##### Data extract #####
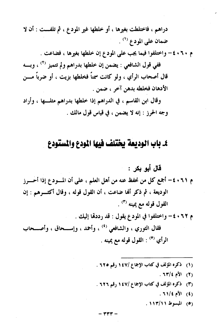 م 4061 - أجمع كل من نحفظ عنه من أهل العلم، على أن المودع إذا أحرز الوديعة، ثم ذكر أنها ضاعت، أن القول قوله، وقال أكثرهم: إن القول قوله مع يمينه.
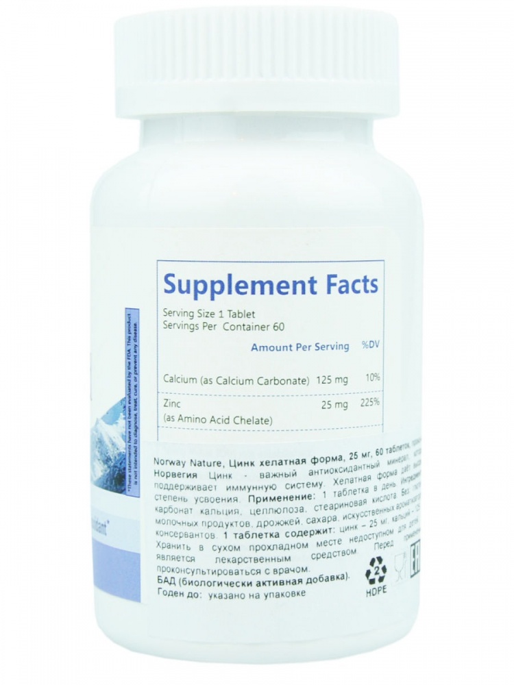 | Цинк (в форме хелата бисглицината цинка): | 25 мг |
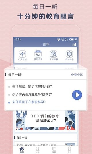 3、达人课:达人们精心打造的系列课程,涵盖亲子家教、英语、艺术和科学等领域,为孩子开启不一样的教育之旅。
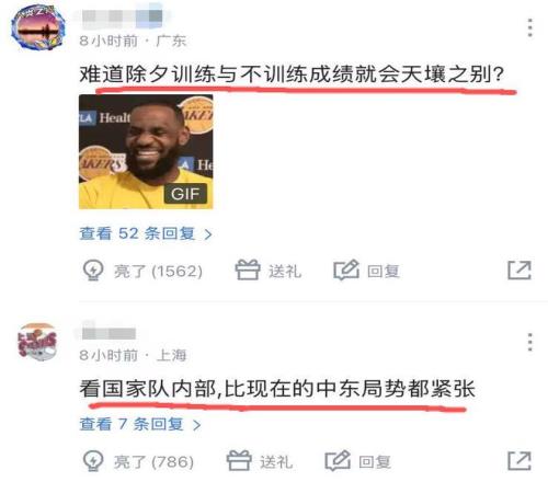 因?yàn)槊看沃袊谢@的集訓(xùn)時(shí)間總是很長,戰(zhàn)績卻不盡人意,加上這次趕上春節(jié)也未能給球員放假,這也引起了球迷的熱議:“假裝努力”、“難道除夕訓(xùn)練與不訓(xùn)練成績就會(huì)天壤之別?”也有人把矛頭指向郭士強(qiáng),稱“一將無能”。
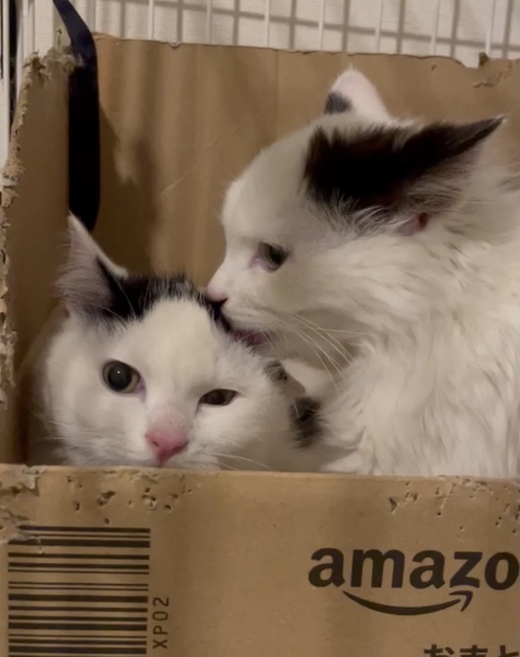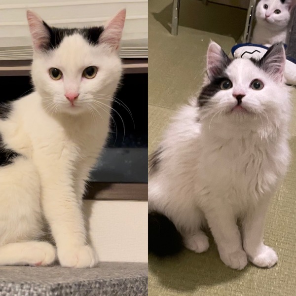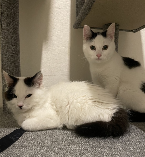 | 特徴(性格など) | 【シリウス】 白黒長毛の男の子。 フサフサしっぽの中身は幸せのカギしっぽ。 【オリオン】 白黒ぶちの男の子。 中途半端な長さのカギしっぽ。 お腹に♡マークあり。 シャー!と威嚇し、逃げることもありますが、触れるし、撫でられます。シリウスは撫でていると、ゴロゴロ喉を鳴らしたり、コロンとお腹を見せてくれます。オリオンはまだ警戒心が強いですが、ふたりとも少しずつ馴れてきています。 時間をかければ、必ず馴れてくれます。 |
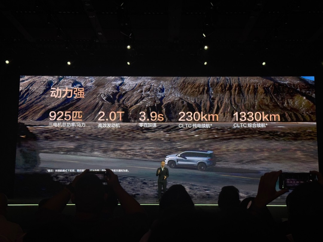 动力方面,新车采用了插混专用2.0T高效发动机,配合EHS电混系统,三电机的总功率925马力,实测百公里加速仅需3.9s,CLTC纯电续航230km,综合续航1330km。
#####
## Task description
Reproduce every line above exactly as written, omitting the images.

## Finished task
 م 4061 - أجمع كل من نحفظ عنه من أهل العلم، على أن المودع إذا أحرز الوديعة، ثم ذكر أنها ضاعت، أن القول قوله، وقال أكثرهم: إن القول قوله مع يمينه.
 | Цинк (в форме хелата бисглицината цинка): | 25 мг |
 3、达人课:达人们精心打造的系列课程,涵盖亲子家教、英语、艺术和科学等领域,为孩子开启不一样的教育之旅。
 因?yàn)槊看沃袊谢@的集訓(xùn)時(shí)間總是很長,戰(zhàn)績卻不盡人意,加上這次趕上春節(jié)也未能給球員放假,這也引起了球迷的熱議:“假裝努力”、“難道除夕訓(xùn)練與不訓(xùn)練成績就會(huì)天壤之別?”也有人把矛頭指向郭士強(qiáng),稱“一將無能”。
 | 特徴(性格など) | 【シリウス】 白黒長毛の男の子。 フサフサしっぽの中身は幸せのカギしっぽ。 【オリオン】 白黒ぶちの男の子。 中途半端な長さのカギしっぽ。 お腹に♡マークあり。 シャー!と威嚇し、逃げることもありますが、触れるし、撫でられます。シリウスは撫でていると、ゴロゴロ喉を鳴らしたり、コロンとお腹を見せてくれます。オリオンはまだ警戒心が強いですが、ふたりとも少しずつ馴れてきています。 時間をかければ、必ず馴れてくれます。 |
 动力方面,新车采用了插混专用2.0T高效发动机,配合EHS电混系统,三电机的总功率925马力,实测百公里加速仅需3.9s,CLTC纯电续航230km,综合续航1330km。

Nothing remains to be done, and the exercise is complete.